◆ **TASK DESCRIPTION**: Please, without the pictures, retype exactly the lines from the start of the material through the line that holds "First Chinese Primary".
++++ STUDY MATERIAL
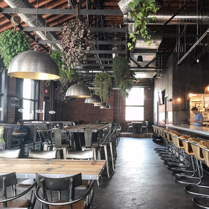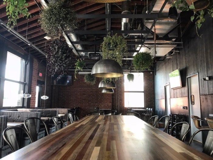 Inside, the main dining room is industrial but inviting, warmed up with lush greenery, custom wooden tables and leather seats.
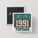 Badge with name and year wearer was born. Celebrating the Year of birth as 1991
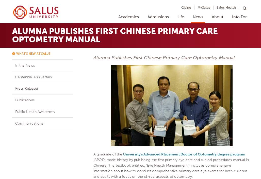 First Chinese Primary Care Optometry Manual!《眼健康管理》是中山眼科和SALUS大学校友合作力编,9月13日成为北美历史#!悠久的视光学院网站封面!
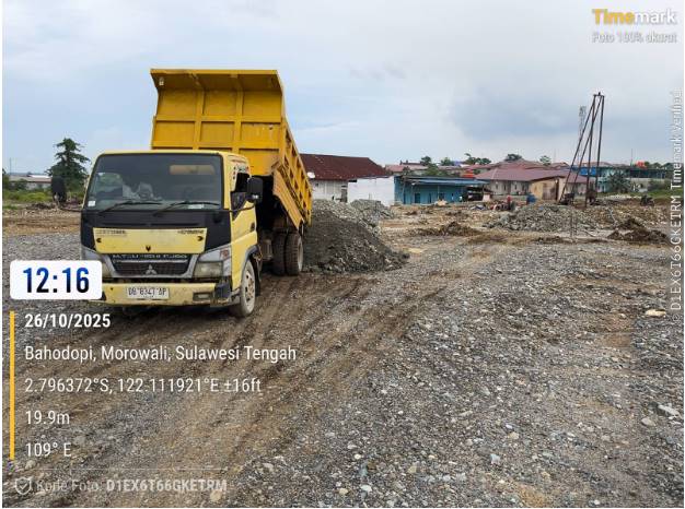 MOROWALI, TOPKOTA.co – Babinsa Koramil 1311-09/Bahodopi Sertu Marhadi terus melakukan pengawasan terhadap kegiatan penimbunan dan pemasangan pancang pembangunan Kantor Koramil 1311-09/Bahodopi yang dikerjakan oleh PT. Yoosan Surya Jaya, bertempat di Desa Bahodopi, Kecamatan Bahodopi, Kabupaten Morowali, Minggu (26/10/2025).
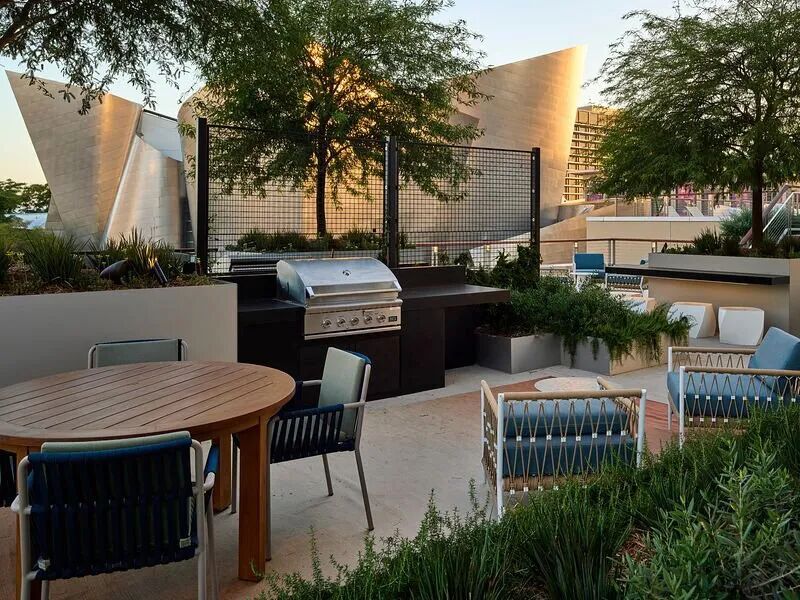 The Grand 中的许多酒店客房和出租公寓都可以直视或俯视音乐厅。就连盖里本人也为了能与自己最爱的建筑之一近距离观看,在住宅的较低楼层购买了一个单元。
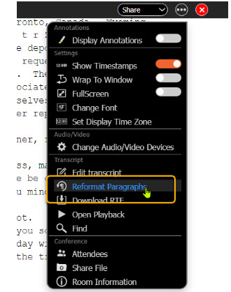 When finished editing a paragraph, press CTRL+S to save and refresh all participants’ transcripts.
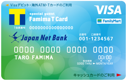 このカードは、ファミリーマートが発行するTカード「ファミマTカード」と(株)ジャパンネット銀行の「Visaデビット付キャッシュカード」の機能を一体化したもの。(株)Tポイント・ジャパンが提供する共通ポイントサービス「Tポイント」も利用できる。
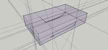 We're going to draw the 2D views of the boat on the sides of this box, and then extrude and intersect these lines in order to create the edge lines of the plywood panels. |
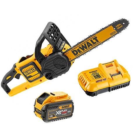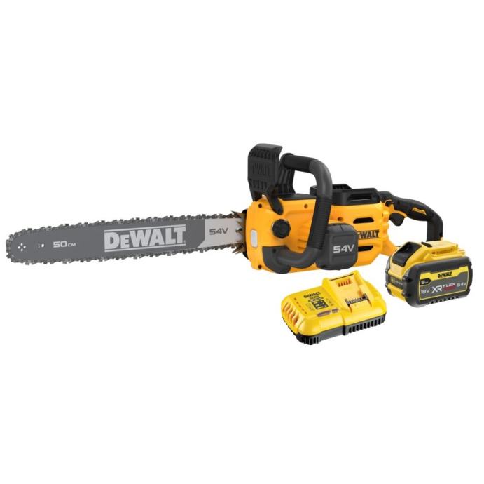 DCMCS575X1 je DeWalt aku lančana pila s duljinom vodilice 50cm. Isporučuje se s akumulatorom kapaciteta 9,0Ah i punjačem. Zahvaljujući motoru bez četkica i tehnologiji FlexVolt 54V, pila ima tehničke parametre usporedive s električnim ili motornim pilama. Brzina lanca do 15m/s i 50cm Oregon vodilica i lanac omogućuju brzo rezanje velikih promjera i do 130 rezova grede 10x10cm. Udobna ručka i prekidač s promjenom brzine osiguravaju gladak i ergonomski rad. Sastavljanje lanca i vodilice bez alata i automatsko podmazivanje jamče udoban rad. Bežično napajanje bez ispušnih plinova i puno buke, ali s performansama popularnih motora s unutarnjim izgaranjem (do 50ccm), izvrsna je alternativa za profesionalce koji rade u šumama ili tesare koji izrađuju oplate i velike drvene konstrukcije. Radni napon: 54V
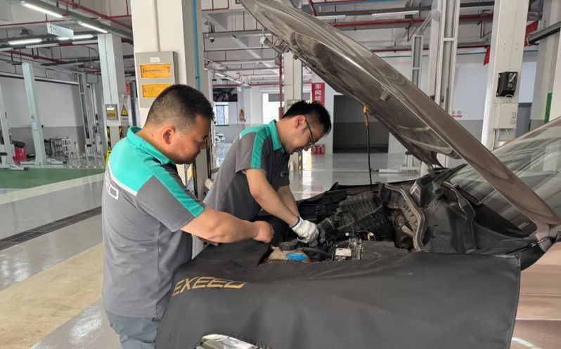 蘇舜舜江公司(上汽榮威、奇瑞星途4S店)技術經理潘學銀正在指導機電技師黃楠正在維修一輛因發動機故障導致無法正常行駛的車輛,黃楠說:“修車真的是一項需要經驗和技術的工作,每一次操作都是一次挑戰?!?/p>
++++++++
◆ **COMPLETED TASK**:
 Inside, the main dining room is industrial but inviting, warmed up with lush greenery, custom wooden tables and leather seats.
 Badge with name and year wearer was born. Celebrating the Year of birth as 1991
 First Chinese Primary Care Optometry Manual!《眼健康管理》是中山眼科和SALUS大学校友合作力编,9月13日成为北美历史#!悠久的视光学院网站封面!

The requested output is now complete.